5. I experienced the eight symptoms of Male Attachment Disorders (MAD).
- Agitation and anger. I was always agitated like a cat on a hot tin roof and easily triggered.
- Male-type depression. Women often turn their sadness inwards. I turned mine outward and became aggressive. Inside I was crying, but I looked daggers at my wife and would blow up whenever I felt unloved or my self-esteem was threatened.
- Impulsiveness and risk-taking. I was successful in my work, wrote books, and spoke all over the world. Risk-taking can be an asset at work, but at home, it kept everything on edge. You never knew what I might do next.
- Need for control. I was so afraid of abandonment but so terrified to admit it, I was forever trying to control my world which was increasingly out of control. My life wasn’t working so I tried to control my
- Resistance to love and guidance. Carlin often tried to tell me that I needed help, but I refused, vehemently. Since I couldn’t trust my caregivers growing up, I had a horrific time trusting those who loved me later.
- Denial and blame. For years I refused to recognize and accept that I had a problem. I blamed it on everything else—stress, work, politics, my kids, my wife—anything but my life and what was really causing the problem.
- Addictive personality and behavior. I ate to excess and was always dieting and exercising. I fantasized about sex and became preoccupied with trying to get my wife to do it more often and in more different ways.
- Confusion and helplessness. The more I tried to control things, the more out of control they became. Life becomes increasingly confused and I felt like a drowning man fighting for survival. Everything I did to make things better actually made things worse.
- Male Attachment Disorders can sink a relationship unless you get help.
A turning point came in our relationship when Carlin got clear that things were going to hell in a handbasket (Where did that term come from?). She did her best to encourage me to get help but went for help herself when I refused. I finally agreed to see a therapist, mostly to prove to my wife that she was wrong. “I’m not angry, God damn it.” Clearly, someone needed help in this crazy relationship and it must be her, I thought. I was fortunate to have a wife who didn’t give up on me and I finally listened.
I found a therapist who understood how to treat attachment disorders. It was the beginning of a long journey, but one well worth taking. I continued therapy for eight years and was able to heal wounds that I had been suffering from my whole life, including depression and anxiety, but which I didn’t connect with my past. Since then, I’ve helped thousands of men and women deal with their own Male Attachment Disorders.

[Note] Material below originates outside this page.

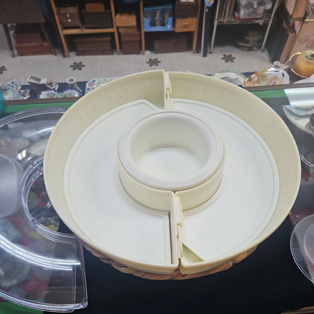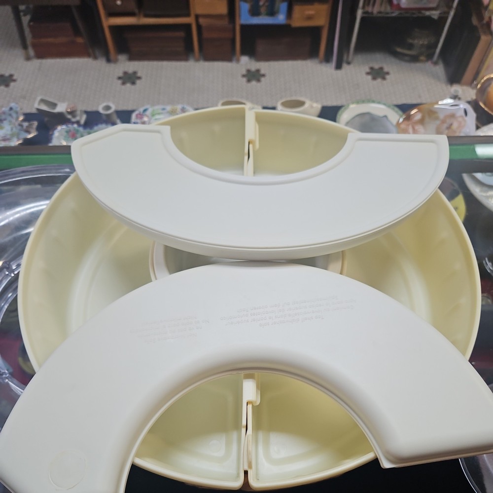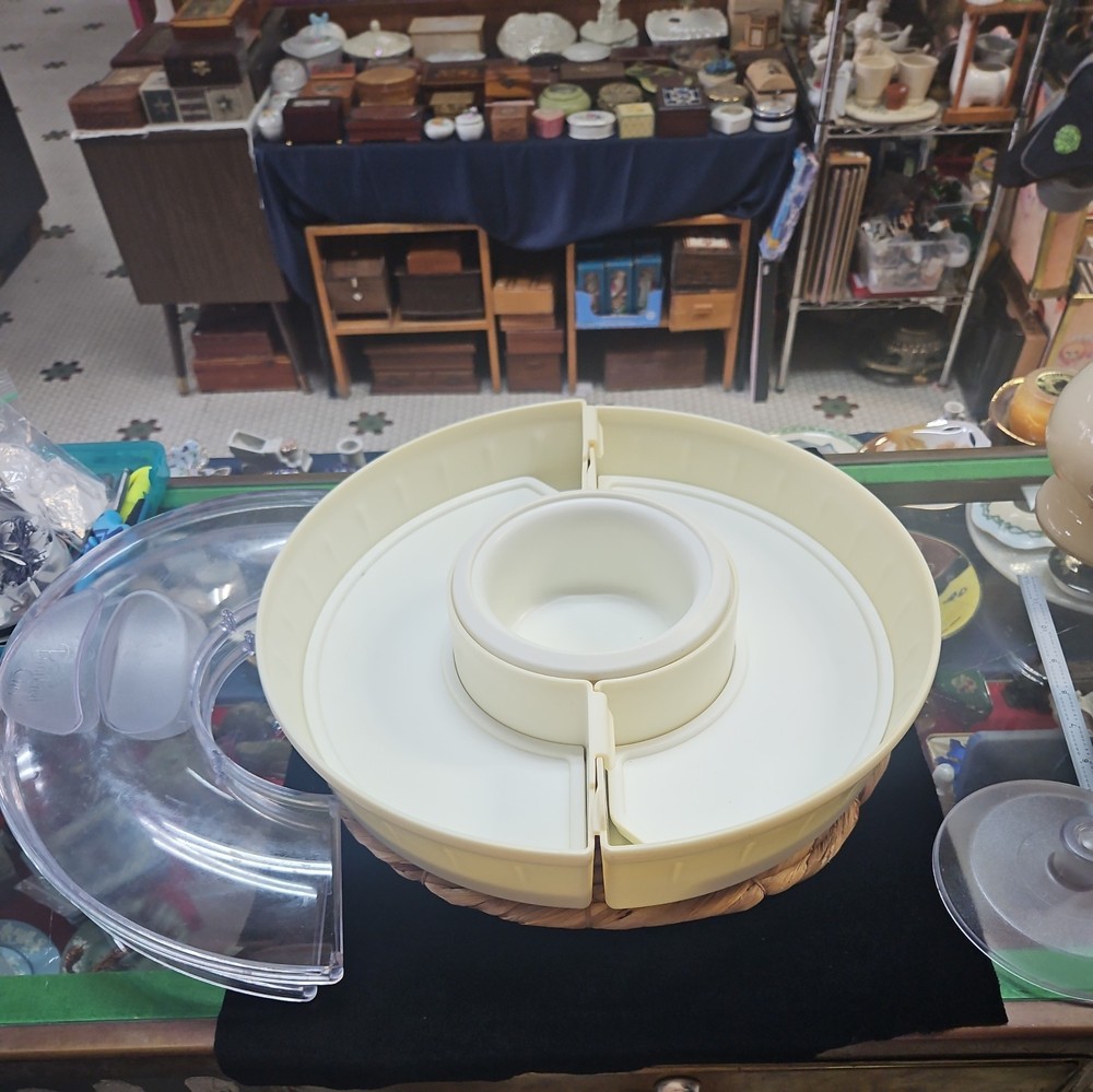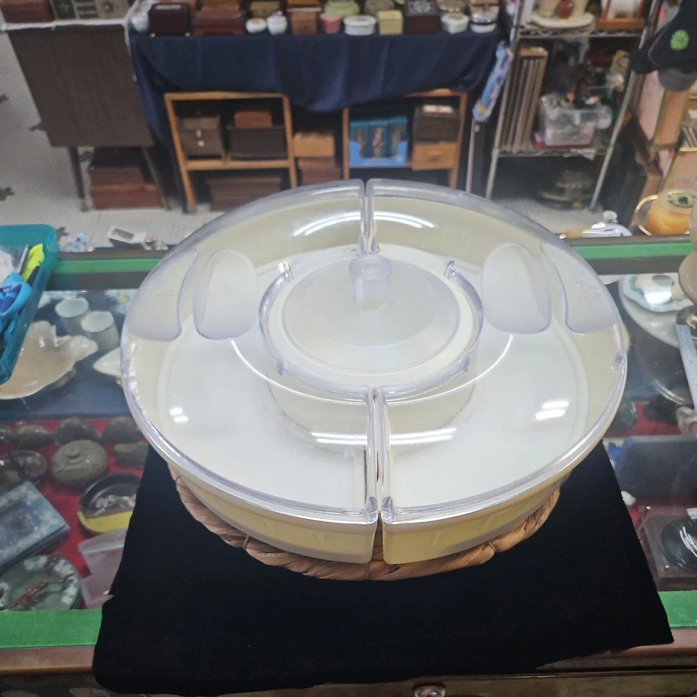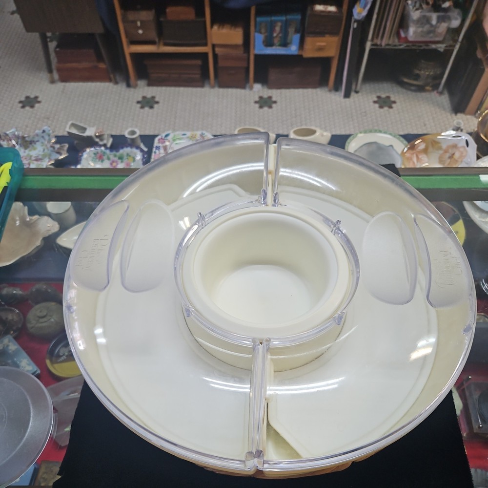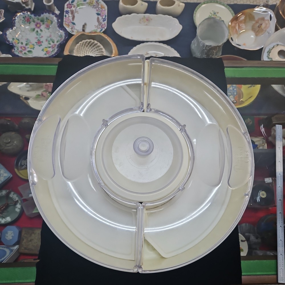 The Pampered Chef Chillzanne Cool Sectional Server Round Appetizer Tray is a versatile and stylish serving tray made of acrylic material. This medium-sized tray features a round shape with three compartments, making it perfect for serving various appetizers or snacks during all occasions. The solid white color and matte finish add a touch of elegance to any table setting. With a diameter of 14 inches and a weight of 5 pounds, this tray is easy to transport and store while keeping your food fresh and organized. Made in the United States by the trusted brand Pampered Chef.

My colleague, Kathy Brous, wrote a wonderful book about her own experiences, Don’t Try This Alone: The Silent Epidemic of Attachment Disorder. “The early trauma described in my book is actually harder on male children,” Kathy notes. “All babies, regardless of gender, are designed first to attach closely to mom, in utero and until age two. And it’s harder for boys since society forces boys to suppress the strong feelings of fear and anger which all children naturally have when we suffer such deep, painful wounds.”
Another colleague, Carista Luminaire, has recently written an article that I highly recommend you read, “How Childhood Wounds May Be Sabotaging Your Relationships As An Adult.” Healing attachment wounds can go a long way towards healing the past so that our present relationships can survive and thrive.